Si chiamava Ben Ali Mohamed, detto Bayfall, aveva 37 anni. È rimasto ucciso in un rogo, il quarto dall’inizio dell’anno nel ghetto di Borgo Mezzanone in provincia di Foggia, uno dei tanti piccoli inferni che costellano le campagne italiane, dove sopravvivono ammassati in condizioni indegne esseri umani extracomunitari senza i quali non arriverebbe la frutta e la verdura sulle nostre tavole.

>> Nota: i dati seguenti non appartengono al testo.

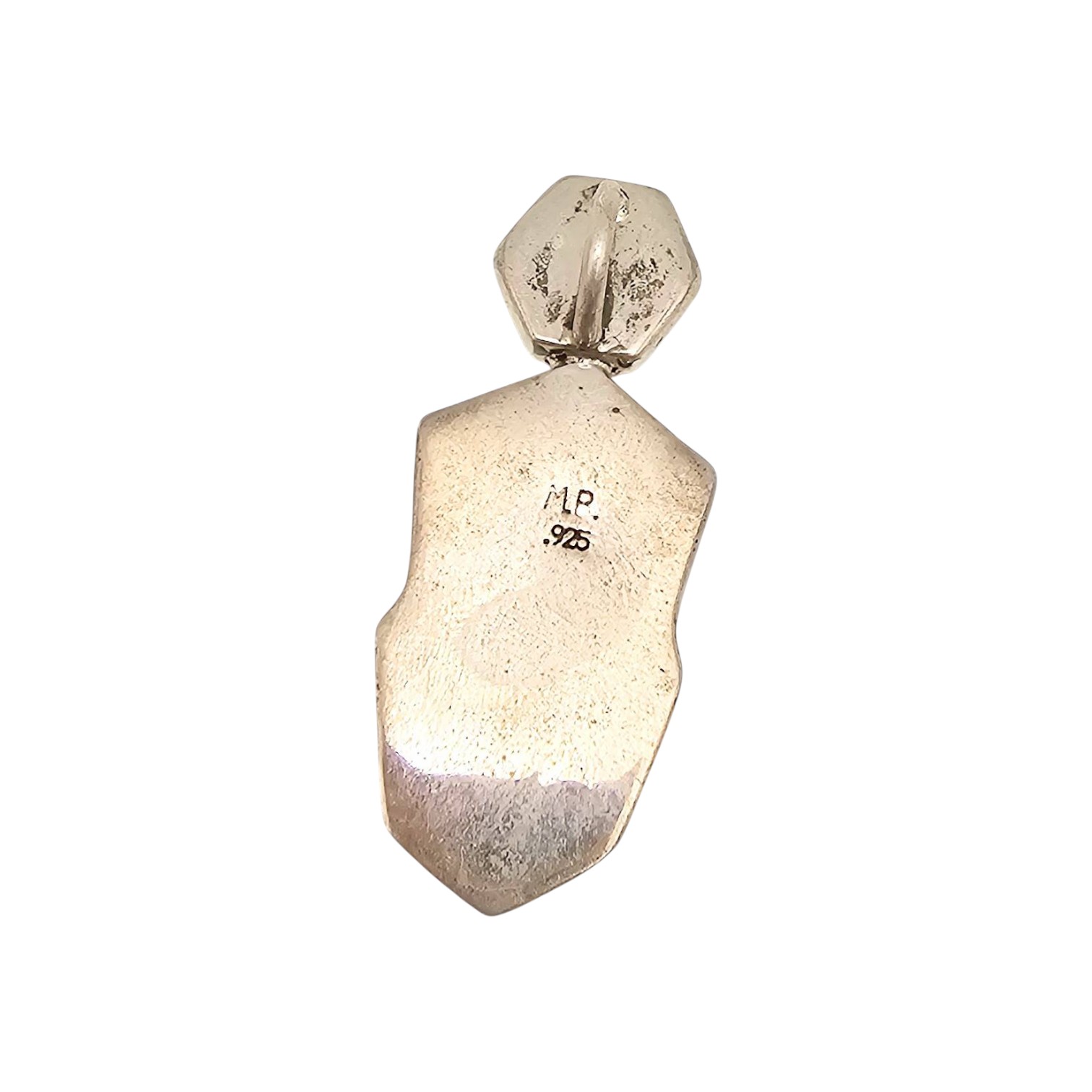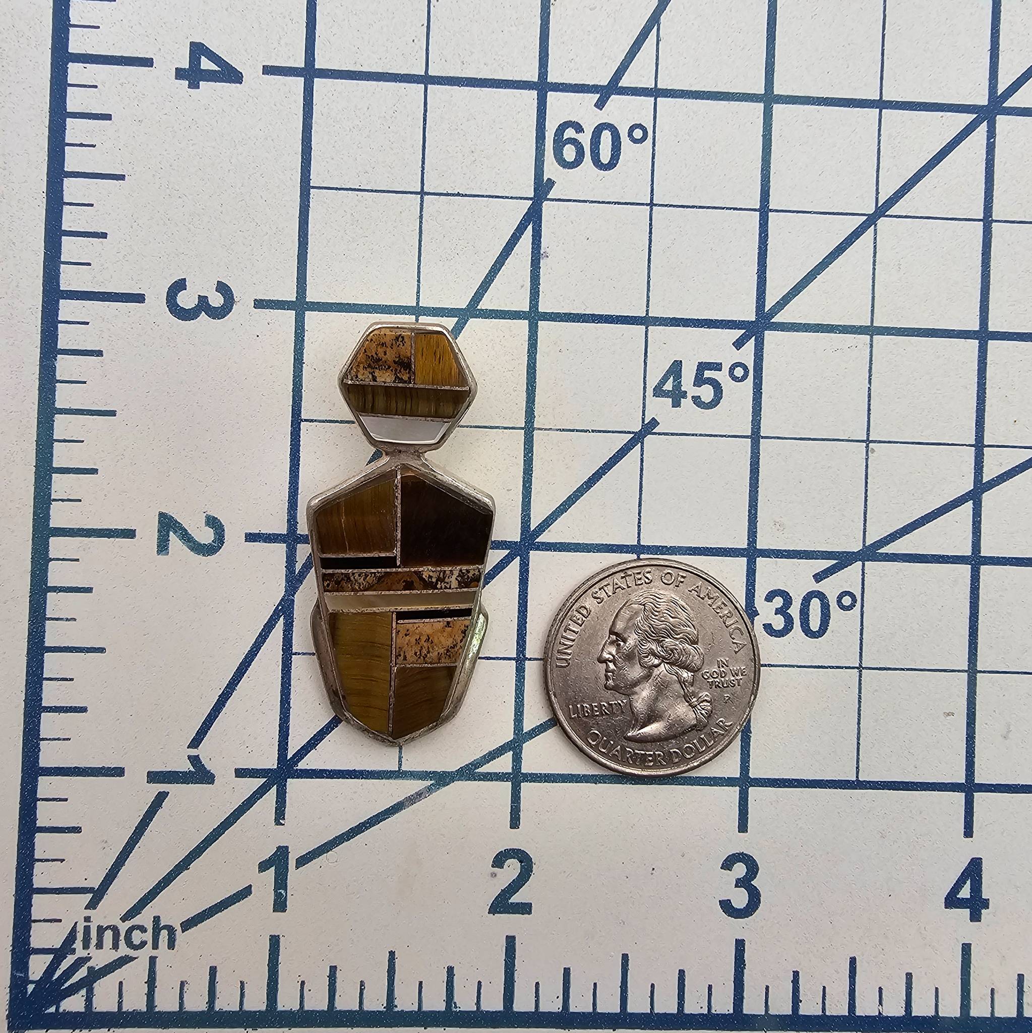 Handmade sterling silver pendant by Wilson Dawes, a Navajo craftsman. Features an earthtone inlay design with Agate, Tiger’s Eye, Mother Of Pearl, and Onyx stone accents in a geometric arrangement. Weighs approximately 10 grams, as shown on scale. Back is stamped “ALP” and “925” indicating sterling silver composition.
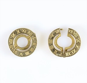 1 Paar Ohrclips aus den 1960er Jahren, GG 585/000, 6 Akoja-Perlen, blätterartige Form mit geschweißter Oberfläche, H =25,5 mm, (Omegamechanil)
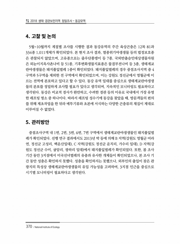 제목 : (2018) 생태·경관보전지역 정밀조사 : 동강 유역
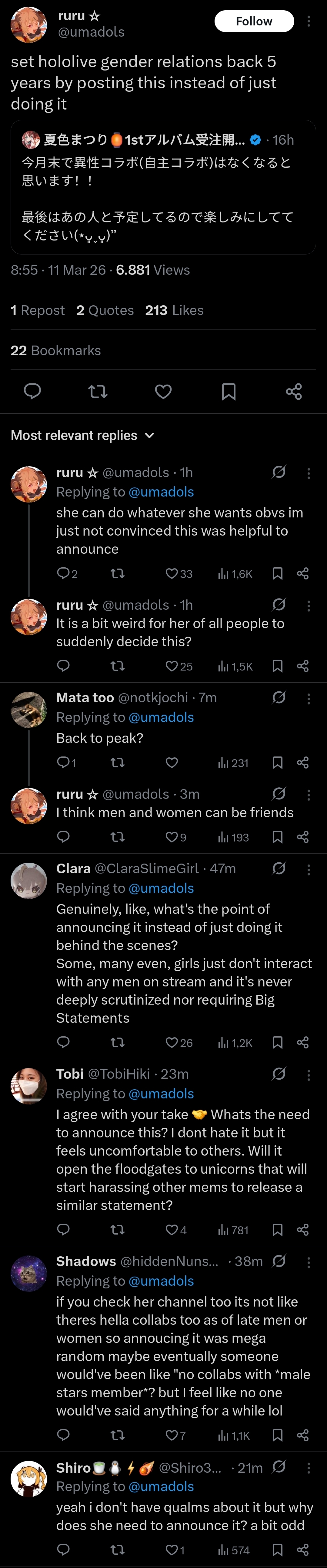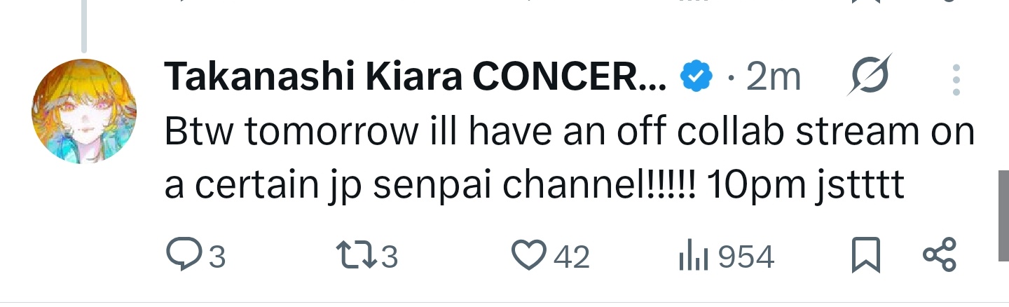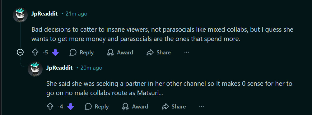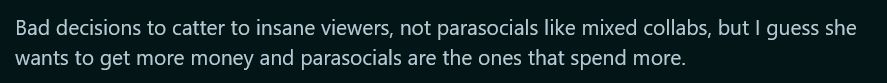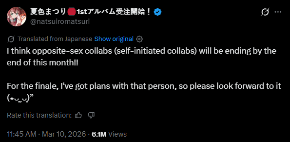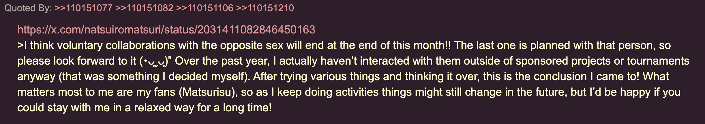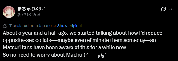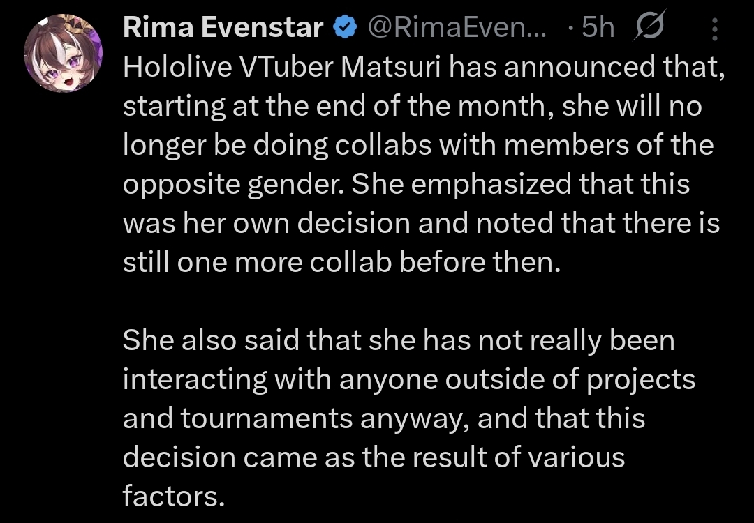 >>110152419Basically:- I realized I don't really have a hardcore fanbase because of my decisions- I decided to stop collabing with males to help foster that more- This decision wasn't simply only that, I also haven't been collabing much with the other hololive members or joining tournaments as much and I realized this really won't do well for my future activities.

Le cause dell’incendio non sono ancora note, quel che è noto da fin troppo tempo invece, nell’indifferenza delle autorità e dei cittadini, è che in Italia è tollerato qualcosa che non mi sembra eccessivo definire “schiavismo”, dozzine di inchieste, denunce, proteste dei sindacati, hanno accertato che il sistema agroalimentare si regge sul lavoro sfiancante e senza diritti di centinaia di extracomunitari, per lo più senza documenti in regola, che si dannano l’anima per 3/4 euro all’ora costretti a subire soprusi e angherie di ogni tipo dai caporali.

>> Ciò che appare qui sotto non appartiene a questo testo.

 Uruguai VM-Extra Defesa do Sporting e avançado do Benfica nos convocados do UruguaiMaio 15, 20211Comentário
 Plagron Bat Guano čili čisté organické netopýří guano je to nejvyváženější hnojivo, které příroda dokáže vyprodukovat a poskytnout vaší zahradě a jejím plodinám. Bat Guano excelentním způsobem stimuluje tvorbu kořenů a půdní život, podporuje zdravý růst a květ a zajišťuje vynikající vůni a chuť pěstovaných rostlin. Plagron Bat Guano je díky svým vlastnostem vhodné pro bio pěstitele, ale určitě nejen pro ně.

Mi accodo allo sdegno di Aboubakar Soumahoro che giustamente ha osservato che il governo è indifferente al dolore di esseri umani trattati peggio di merce usa e getta. È stato ucciso dalla miseria Bayfall, da quel morso allo stomaco che ti spinge a rischiare la tua vita per tentare la fortuna in un Paese straniero che ti avevano descritto come civile e avanzato e che invece offre ai suoi lavoratori baracche di fortuna senza acqua né luce né gas e li lascia alla mercé di un sistema consolidato, con al suo vertice i grandi nomi dell’agroalimentare, che li divora come pedine di un gioco più grande di loro.

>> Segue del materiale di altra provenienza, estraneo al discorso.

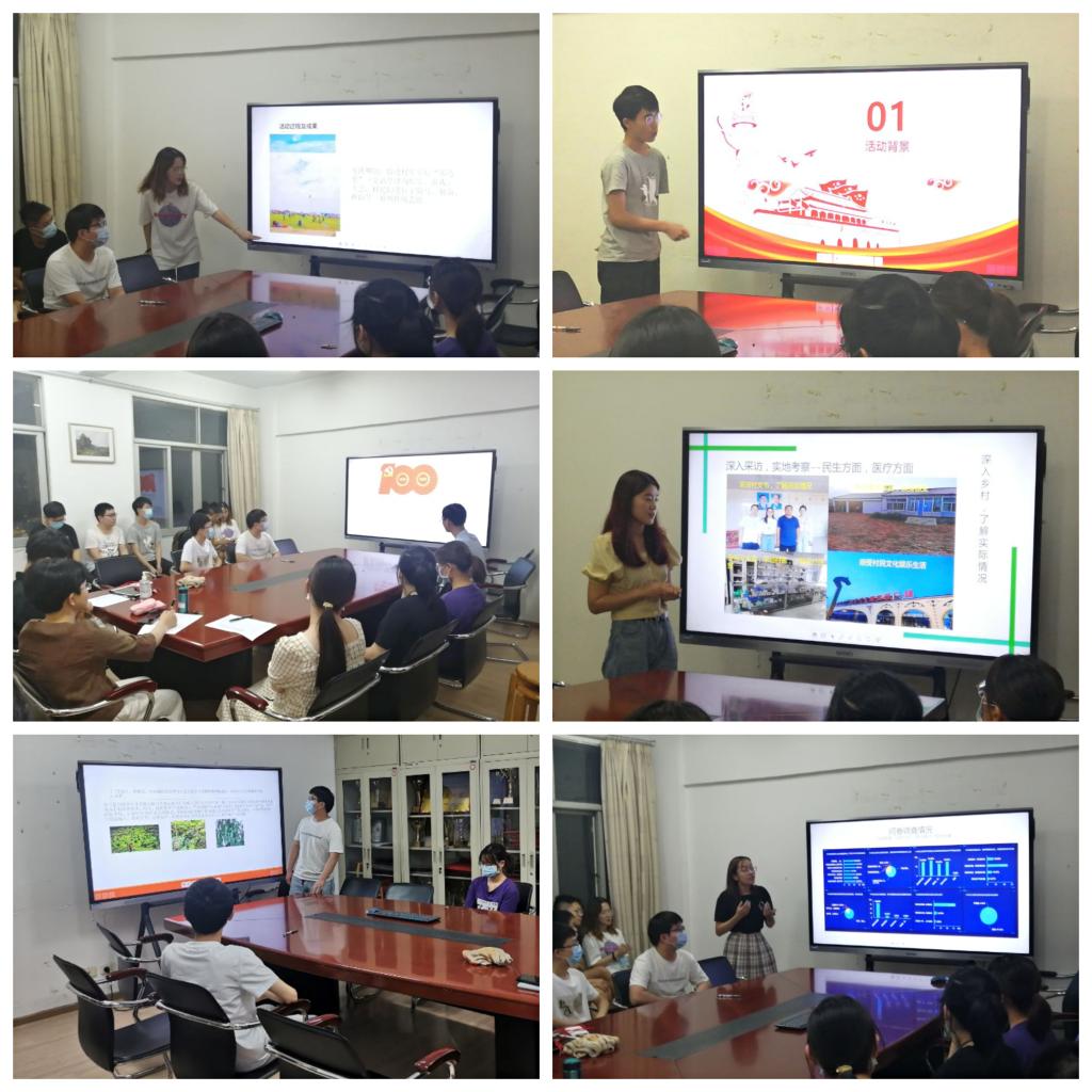 交流会上,各队伍按照顺序依次上台交流,分别从活动意义、活动内容 、活动成果等多方面分享本队的社会实践情况,既有收获也有反思。赴恩施务川新化陕扶贫成果调研队以脱贫产品为切入点分享了多地的脱贫故事;赴六盘水扶贫成果调研队分享了自己走访时所见的脱贫后新风貌;赴奈曼旗脱贫攻坚实践调查队从教育、民生、医疗三个方面分享了奈曼旗地区的脱贫政策和成果;赴琼云川鄂四省生态环境实践调研队分享了调研地生态保护政策,并通过一支短片直观展示了环境的转好;赴武汉市“学党史,强信念”主题教育社会实践调研队分享了参观八七会议会址后的感想;赴武汉市探寻红色足迹实践队分享了探寻武汉多个红色足迹的所见所闻所感;溯文化源泉,强文化自信实践调研队分享了自己线上采访问卷加以线下参观各地博物馆的综合调研模式,内容丰富,数据分析详细;最后赴新疆河南黑龙江乡风文明实践调研队从少数民族汉民族团结、乡村振兴、少数民族传统文化等方面分享了自己的实地调研感悟。
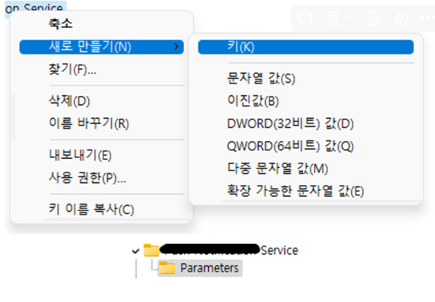 6. 서비스 우클릭 → 새로 만들기 → 키 생성 → Parameters 를 클릭합니다.

Da avvocata mi chiedo come sia possibile che questo scempio vada avanti da anni sotto gli occhi di tutti, e l’unica risposta che riesco a darmi è che fa comodo a troppi, compresi quelli che sono rappresentanti della legge e sarebbero tenuti a farla rispettare. Per questo sono e sarò sempre al fianco di chi, come Aboubakar, non si arrende e continua testardamente a chiedere dignità e giustizia.